Sunday, August 15, 2010

Preview : The Big Guns Opener

Great expectations as two giants aim to silence doubters

Roy Hodgson kicks off the new Premier League season as he ended the last one – with a game against Arsene Wenger’s Arsenal. But whereas in May he was in charge of Fulham, resting key players for their trip to the Emirates a few days before contesting the Europa League final, now he is at the helm of Liverpool, still England’s most successful club, even if the glory days are fast receding into the distance.

Taking over at Anfield is Hodgson’s reward not only for working wonders at Craven Cottage, but for a lengthy career of solid if not always spectacular achievement in European club and international football.

His task is a tough one: the Reds lost their way alarmingly in what turned out to be Rafa Benitez’s last season in charge, aiming for first and finishing seventh while making early exits from every cup competition, including the Champions League.

His first Premier League game as Liverpool boss will also be Wenger’s 525th in charge of the Gunners, and although the Frenchman has lost only 85 of those, compared with 307 wins, and has finished in the top four in every one of his 14 seasons in North London, he is arguably under even greater pressure to deliver than Hodgson.

‘Arsenal haven’t won a trophy since 2005’ is in danger of becoming the latest football cliché, and is something that no doubt irks Wenger as much as it frustrates the fans.

He’s been accused of being too frugal, too stubborn, too obsessed with the beautiful game and over-reliant on youth in pursuit of his principles. There’s talk he’s about to commit to a new contract that would effectively bind him to the Gunners for the rest of his career; but at the same time there is speculation that this will be his last season at the Emirates if he fails to end the trophy drought.

Will changes bring greater staying power?

Both squads have new signings who’ll be looking to integrate and impress from the off – including Joe Cole, Christian Poulsen, Milan Jovanovic, Laurent Koscielny and Marouane Chamakh.

But in an unwelcome echo of last season, both teams may also be without key players - World Cup finalists, no less - as Fernando Torres, Cesc Fabregas and Robin van Persie have all been struggling to reach match fitness in time for Sunday afternoon’s opener.

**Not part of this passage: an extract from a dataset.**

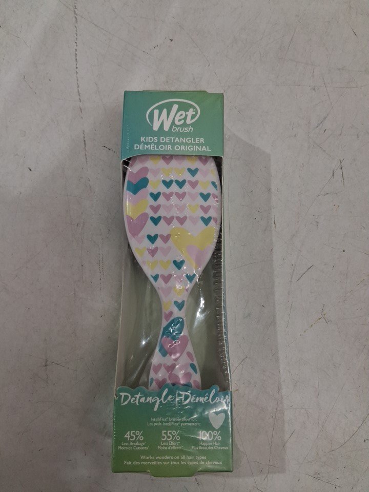kids wet brush detangler hair brush - grey/pink with hearts (model: SPB837KID4CA)

Injuries (and in some cases loss of form) were a recurring motif for both clubs last season, and for both, their prospects of improvement will depend on being able to keep their respective treatment rooms unclogged.

There have also been some significant departures over the summer: Arsenal have seen no fewer than four central defenders move on, while Yossi Benayoun has quit Anfield and Javier Mascherano could yet follow him.

Liverpool fans crave greater consistency (and a little less caution) on the pitch, and greater stability off it. Hodgson’s arrival has brought an air of calm and optimism to Anfield, but the ownership issue remains a distraction. Arsenal fans are looking for more durability, especially at the back, and less naivety, especially against Chelsea and Manchester United.

It is unlikely that either manager has concluded his summer transfer business, so both teams are works in progress; but this weekend's most compelling fixture may offer some clues about which one of these two giants has the stronger credentials.